Donald Trump. (photo: Scott Olson/Getty Images)
Trump Is Planning a Much More Respectable Coup Next Time
07 August 21
n recent weeks, we’ve gotten an even greater glimpse into Donald Trump’s efforts to discredit and overturn the results of the 2020 election. From the clownish ongoing audit in Arizona to the revelation of Jeffrey Clark’s insane and rejected December plan for the Department of Justice to cajole legislatures in states Biden won into overturning those results to the attorneys being sanctioned for their frivolous Trump election lawsuits, the 2020 election subversion attempt is being shown every day to have been a Keystone Cops Coup.
The crude and failed nature of Donald Trump’s attempt to destroy the 2020 election has made it easy to dismiss as overblown concerns about the integrity of the 2024 election too. After all, court after court rejected attempts by Trump and his allies in the aftermath of the November 2020 count to prove that fraud affected the election results. Despite Trump’s attempts to pressure state election officials, governors, state legislators, and officials at the U.S. Department of Justice like Clark to get state legislatures to meet and declare new electoral college votes for him after the presidential vote was certified for Biden in each challenged state, the system (barely) held, and Trump was removed from office on January 20, 2021.
But there has been a subtle shift in how Trump and his allies have talked about the supposed “rigging” of the 2020 election in a way that will make such claims more appealing to the conservative judges and politicians that held the line last time around. Come 2024, crass and boorish unsubstantiated claims of stealing are likely to give way to arcane legal arguments about the awesome power of state legislatures to run elections as they see fit. Forget bonkers accusations about Italy using lasers to manipulate American vote totals and expect white-shoe lawyers with Federalist Society bona fides to argue next time about application of the “independent state legislature” doctrine in an attempt to turn any Republican presidential defeat into victory.

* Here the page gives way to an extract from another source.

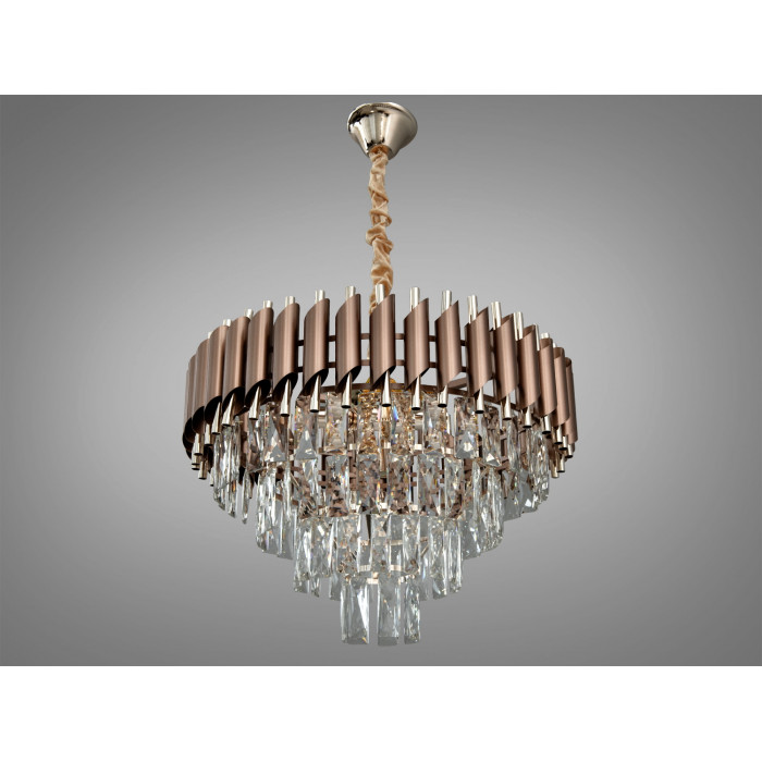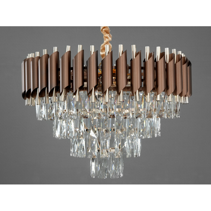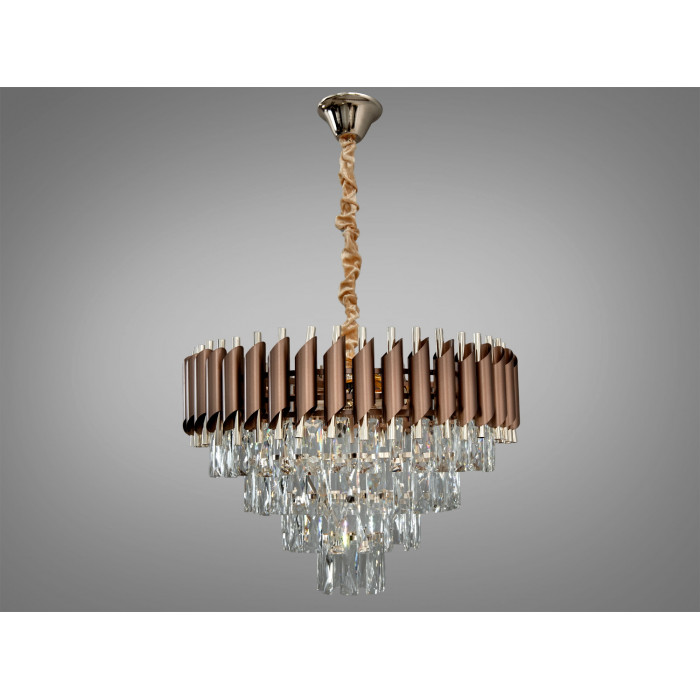 Підвісна кришталева люстра у кольорі коричневий та золото створює виразний акцент і м’яке багаторівневе світло. Дуга з металевих трубок, схожа на флейту Пана, формує зовнішній ряд зі скошених коричневих трубок та внутрішній ряд золотистих, між якими розміщені кришталеві підвіски. Така побудова підсилює розсіювання і гру відблисків у просторі, що особливо помітно у вітальнях і їдальнях з вищими стелями.
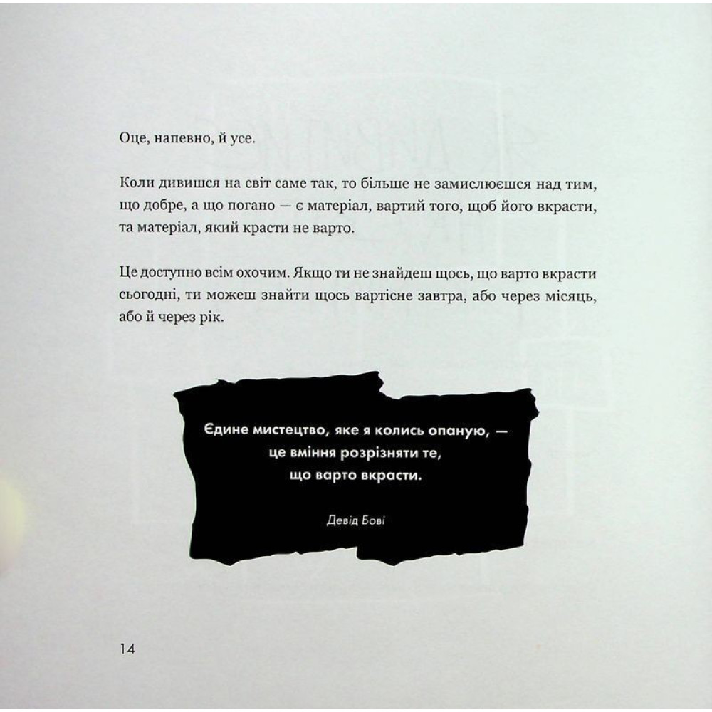 Остін Клеон — відомий художник, дизайнер, письменник й просто непересічна особистість — створив оригінальний, повний чудових ілюстрацій, прикладів та вправ путівник, що допоможе відкрити чи посилити художні якості вашого характеру. «Мислити творчо може кожний!», — стверджує автор. У світі ніщо не є оригінальним, ідеї не беруться з повітря — їх можна «вкрасти»! Тож відкрийте серце для творчості й «крадіть» чесно.

Trump signaled as much in his March 2021 interview with the Washington Post’s Carol Leonnig and Phil Rucker for their book, I Alone Can Fix It, and key conservative operatives have sent the same signals according to Jane Mayer’s recent blockbuster reporting in the New Yorker about the big money behind the Big Lie.

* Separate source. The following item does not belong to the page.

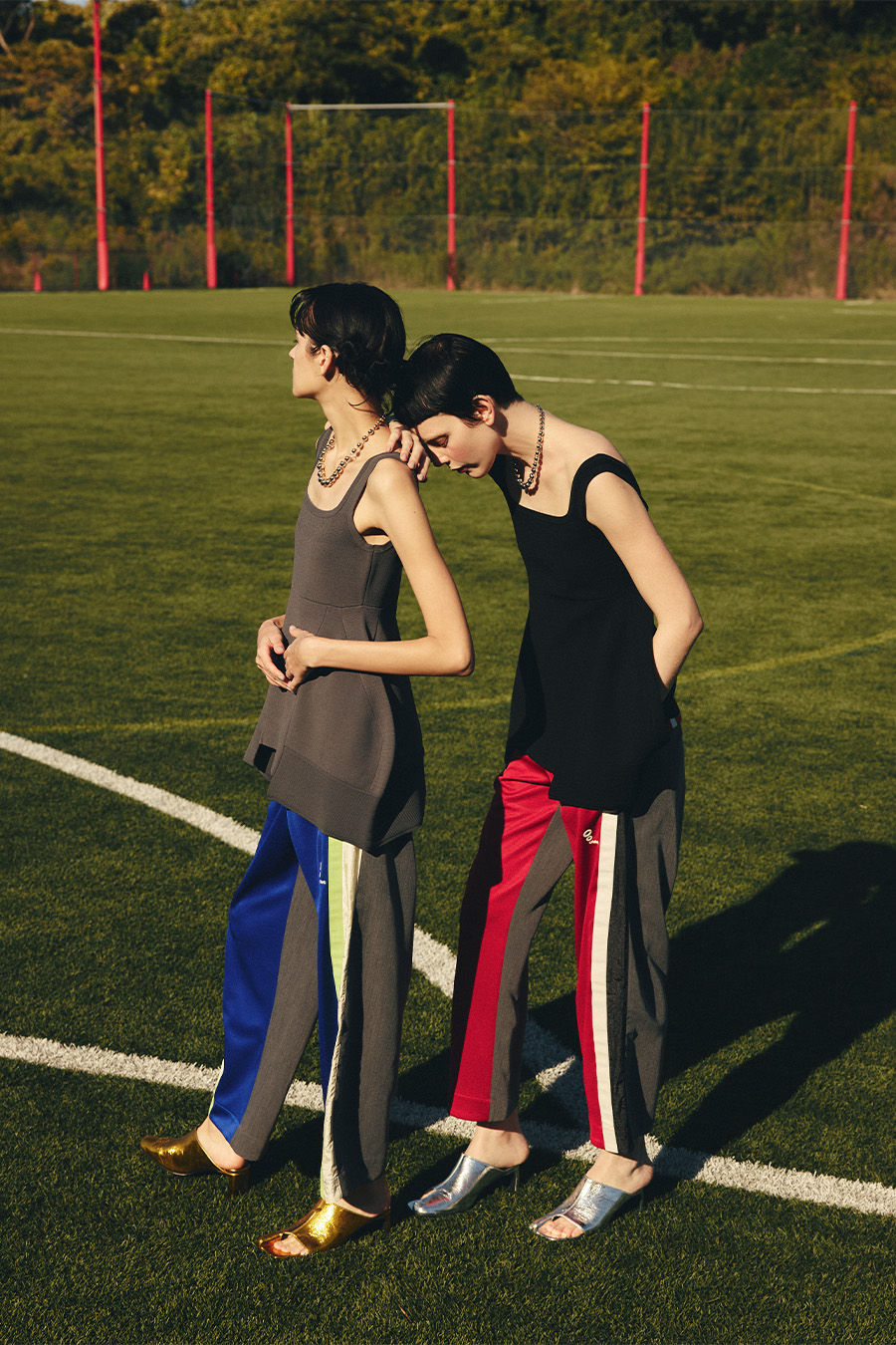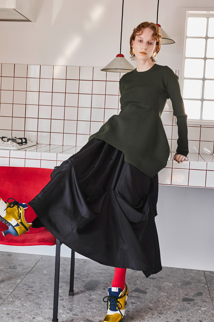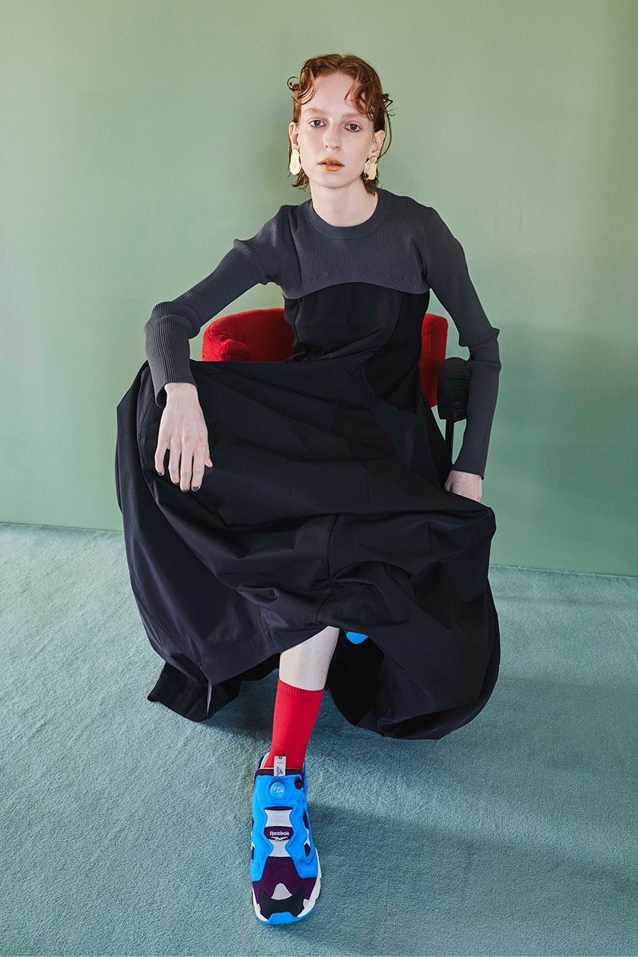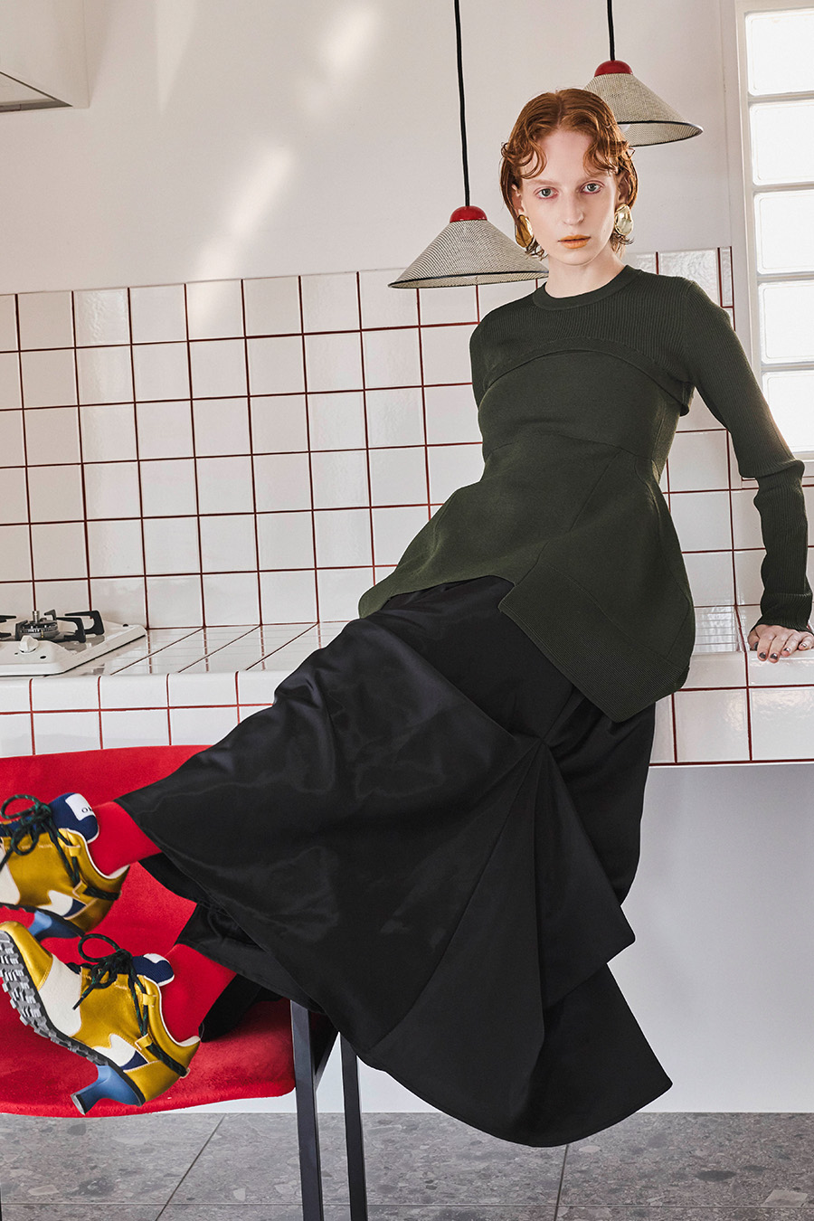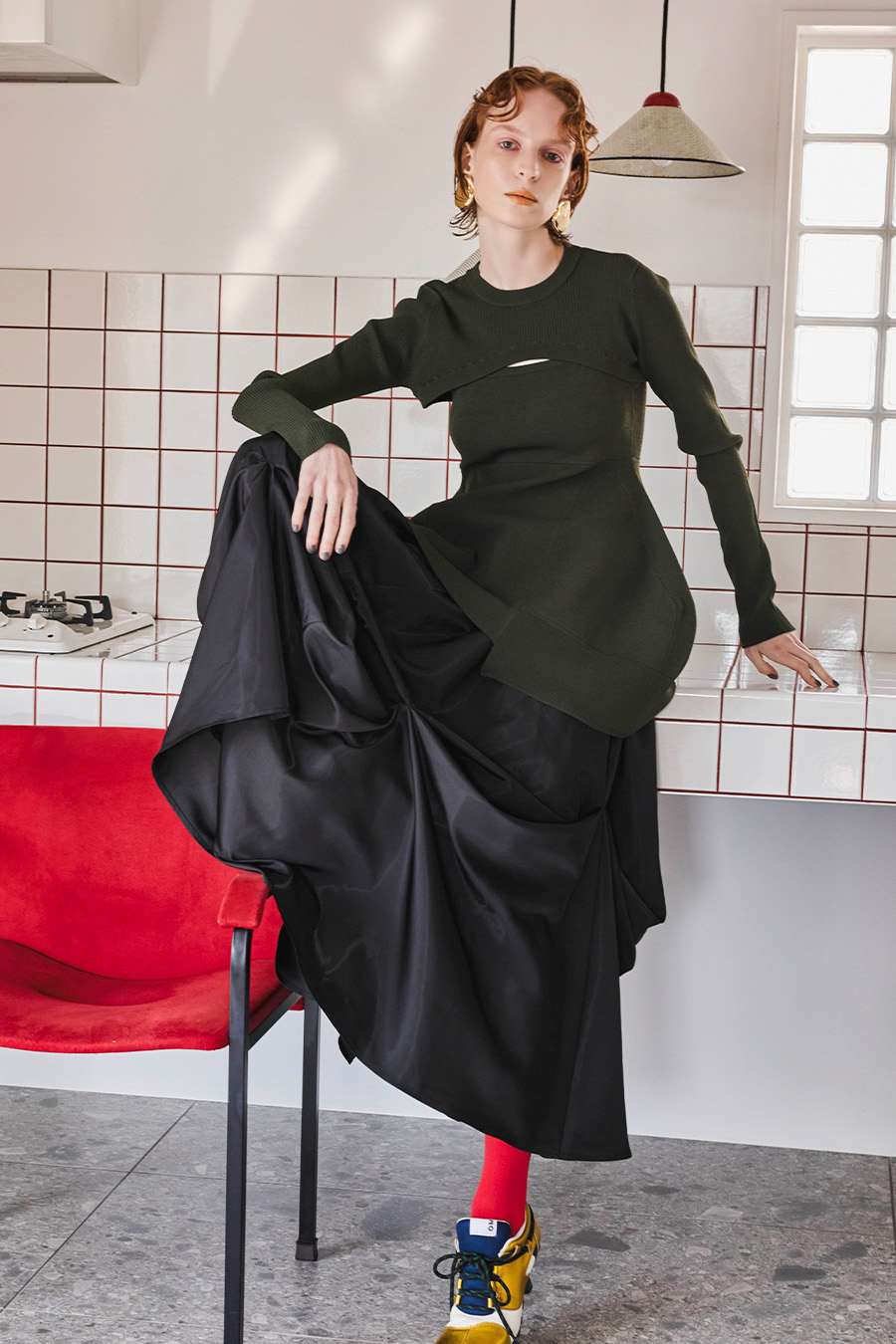 スクエアネックがデコルテを美しく魅せてくれる構築的なシルエットのニットタンクと、マイクロ丈のニットトップスのアンサンブルSET。バストからウエスト部分まではタイトなシルエットで女性らしい雰囲気に。

Trump’s interview with Leonnig and Rucker got attention for Trump saying that he spoke to a “loving crowd” on Jan. 6 before some of them violently stormed the Capitol to try to stop Congress’s electoral college vote count. But what caught my ear was Trump’s explanation of why he said the election was “rigged.” Even putting supposed “massive” fraud aside, he said in posted audio of the interview,
the legislatures of the states did not approve all of the things that were done for those elections. And under the Constitution of the United States, they have to do that. And the Supreme Court, they didn’t find fact—don’t forget, they didn’t say they disagreed—they said we are not going to hear the case. I’m very disappointed in the Supreme Court. Had Mike Pence had the courage to send it back to the legislatures, you would have had a different outcome, in my opinion…. Before you even start about the individual corruptions … when you are handed these votes, and you know that the legislature of any one of those states did not approve those vast changes—hours, days, when to vote—it was all done, local politicians and local judges—right there you should have sent them back to the legislatures. And I can show you letters from legislatures. They wanted them back… Had they gotten them, it would have been a much different story.

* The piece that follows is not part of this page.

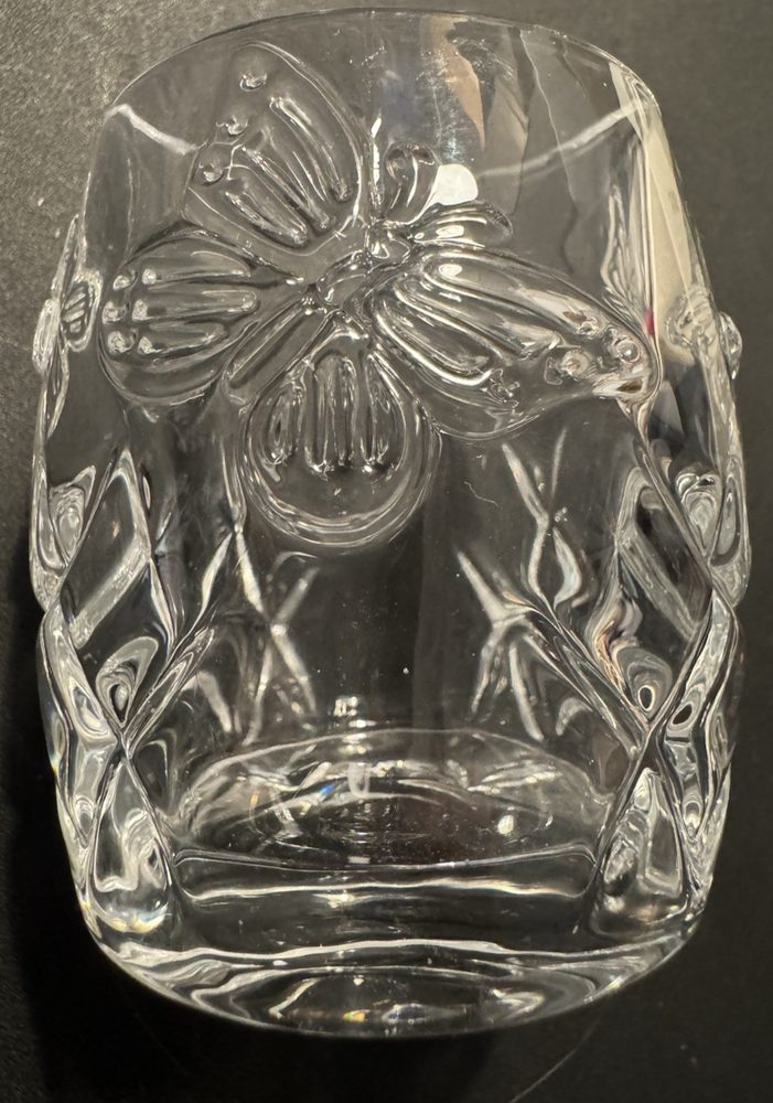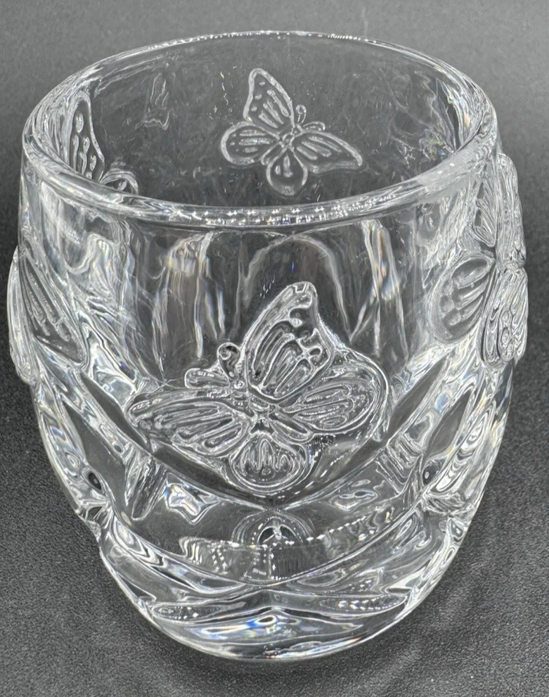 Customized:NoCountry of Origin:ChinaAdditional Parts Required:NoCare Instructions:Clean with Damp Cloth, Clean with Warm Water, Easy CareRoom:Any RoomHandmade:NoAntique:NoEngraved:NoStyle:Art DecoItem Height:3"Pattern:ButterfliesNumber in Pack:1Finish:GlossyOccasion:All OccasionsFeatures:Raised Relief, UnboxedDepartment:AdultsBrand:UnbrandedShape:RoundSize:SmallSubject:ButterflySeller Notes:“no chips or cracks”Type:Candle HolderColor:ClearMaterial:GlassPackaging:Unboxed

It wasn’t just Trump advancing this argument to try to overturn the election. It also was a cadre of conservative activists like Leonard Leo, co-Chairman of the Federalist Society, whose Orwellian-named “Honest Elections Project” pushed the same argument before the Supreme Court. As leading election law scholar Nate Persily told Jane Mayer for the New Yorker, the Independent State Legislature doctrine is “giving intellectual respectability to an otherwise insane, anti-democratic argument.”
So how does this argument work? Article II of the Constitution of the United States provides that state legislatures get to set the “manner” for choosing presidential elections. Similarly, Article I, section 4 gives the state “legislature” the power to set the time, place, and manner for conducting congressional elections, subject to congressional override. In practice, these clauses have been understood as allowing the legislature to set the ground rules for conducting the election, which are then subject to normal state processes: election administrators fix the details for administering the vote, state courts interpret the meaning of state election rules, and sometimes judges and officials decide when state rules violate state constitutional rights to vote.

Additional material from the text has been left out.